▸ Data provided
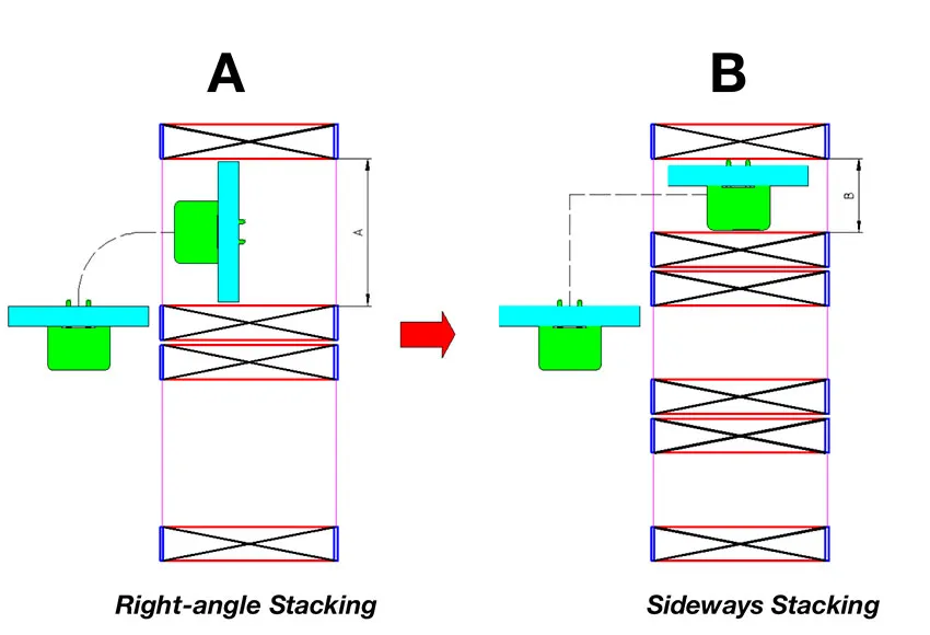 With the implementation of sideways mode, the aisle width can be significantly reduced from A to B, greatly increasing warehouse utilization efficiency.
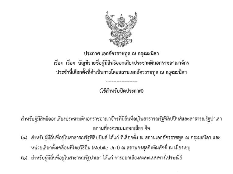 สำหรับผู้มีสิทธิออกเสียงประชามตินอกราชอาณาจักรที่มีถิ่นที่อยู่ในสาธารณรัฐฟิลิปปินส์และสาธารณรัฐปาเลา สถานที่ลงคะแนนออกเสียง คือ (๑) สำหรับผู้มีถิ่นที่อยู่ในสาธารณรัฐฟิลิปปินส์ ได้แก่ ที่เลือกตั้ง ณ สถานเอกอัครราชทูต ณ กรุงมะนิลา และ หน่วยเลือกตั้งเคลื่อนที่โดยวิธีอื่น (Mobile Unit) ณ สถานกงสุลกิตติมศักดิ์ ณ เมืองเซบู (๒) สำหรับผู้มีถิ่นที่อยู่ในสาธารณรัฐปาเลา ได้แก่ การออกเสียงลงคะแนนทางไปรษณีย์ คลิกเพื่อดูรายชื่อ
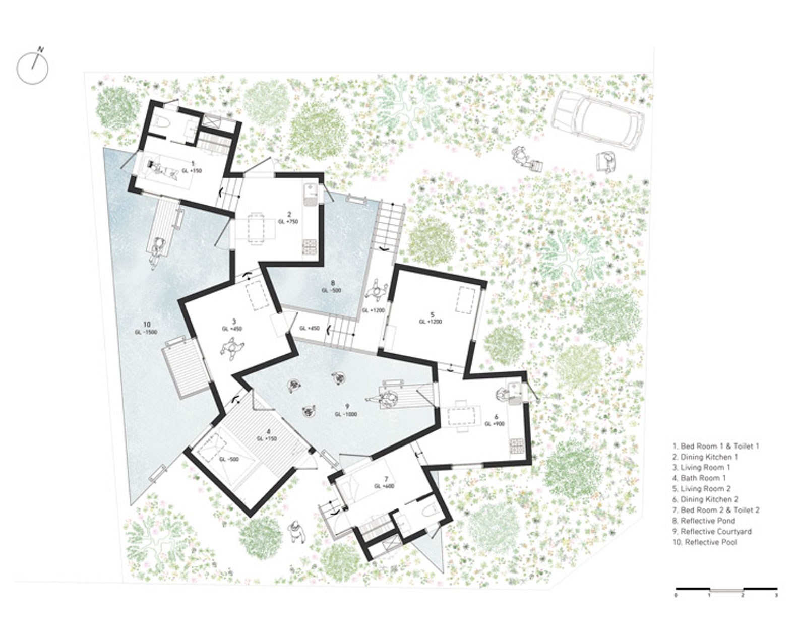Setiap bangunan karya arsitek asal Korea ini memiliki ketinggian lantai dan sudut yang berbeda. Hal itu bertujuan agar penghuni dapat merasakan tinggal di dalam rumah tanpa mengubah bentuk asli permukaan tanah. Nantinya, penghuni dapat menentukan fungsi dari masing-masing bangunan, seperti kamar mandi, ruang tidur dan ruang bersantai. Masing-masing bangunan memiliki jalur penghubung untuk mempermudah akses penghuni.

▸ Work required
Output the data verbatim, images excluded.

▸ Answer to this problem
 With the implementation of sideways mode, the aisle width can be significantly reduced from A to B, greatly increasing warehouse utilization efficiency.
 สำหรับผู้มีสิทธิออกเสียงประชามตินอกราชอาณาจักรที่มีถิ่นที่อยู่ในสาธารณรัฐฟิลิปปินส์และสาธารณรัฐปาเลา สถานที่ลงคะแนนออกเสียง คือ (๑) สำหรับผู้มีถิ่นที่อยู่ในสาธารณรัฐฟิลิปปินส์ ได้แก่ ที่เลือกตั้ง ณ สถานเอกอัครราชทูต ณ กรุงมะนิลา และ หน่วยเลือกตั้งเคลื่อนที่โดยวิธีอื่น (Mobile Unit) ณ สถานกงสุลกิตติมศักดิ์ ณ เมืองเซบู (๒) สำหรับผู้มีถิ่นที่อยู่ในสาธารณรัฐปาเลา ได้แก่ การออกเสียงลงคะแนนทางไปรษณีย์ คลิกเพื่อดูรายชื่อ
Setiap bangunan karya arsitek asal Korea ini memiliki ketinggian lantai dan sudut yang berbeda. Hal itu bertujuan agar penghuni dapat merasakan tinggal di dalam rumah tanpa mengubah bentuk asli permukaan tanah. Nantinya, penghuni dapat menentukan fungsi dari masing-masing bangunan, seperti kamar mandi, ruang tidur dan ruang bersantai. Masing-masing bangunan memiliki jalur penghubung untuk mempermudah akses penghuni.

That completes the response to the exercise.